SINTA Journal Metadata CLI

License: MIT Python Japanese DOI

A command-line tool for retrieving journal metadata from the Indonesian academic database SINTA.

Research tool for collecting Indonesian scholarly journal metadata from the SINTA journal search interface.

English / Japanese


Overview

A command-line tool for retrieving journal metadata from the current SINTA (Science and Technology Index) journal search website in Indonesia.

This tool is designed for the current SINTA web environment centered on:

https://sinta.kemdiktisaintek.go.id

Many existing scripts and examples available online were written for older SINTA site structures or outdated domain patterns.

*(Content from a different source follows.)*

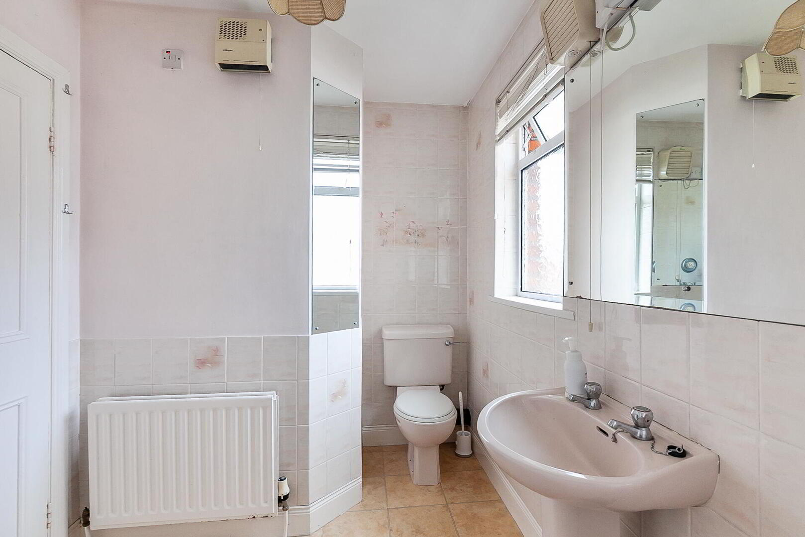 SHOWER ROOM Enclosed shower cubicle, low flush WC, vanity wash hand basin, part tiled walls, extractor fan.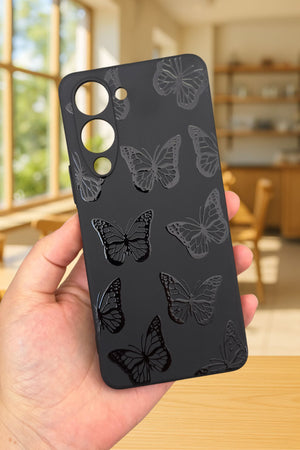 VİVO Y19 Uyumlu Siyah Kelebek Desenli Silikon Darbe Emici Klasik Korumalı Rubber Kılıf

As the SINTA platform has evolved, some of those tools no longer work reliably.

This CLI tool provides a practical way to collect journal metadata from the current SINTA journal search interface in a controlled and reproducible way.

Note: In the SINTA system, "SINTA 1" through "SINTA 6" refer to journal ranking categories, not versions of the SINTA platform.


Features

  • Compatible with the current SINTA domain (sinta.kemdiktisaintek.go.id)
  • Keyword search for journals
  • Search mode selection: title-only or broader search
  • Affiliation filtering
  • JSON / CSV output
  • UNIX pipeline friendly (stdout-first design)
  • Built-in randomized delay and browser-like User-Agent

Extracted Metadata

The script extracts the following fields from search results:

  • journal_name
  • sinta_level
  • p_issn
  • e_issn
  • affiliation
  • sinta_score_3y
  • sinta_score_overall
  • h_index_google
  • h_index_sinta
  • citations_google
  • citations_sinta

These fields are visible in the current implementation where each journal result is normalized into a Python dictionary before output.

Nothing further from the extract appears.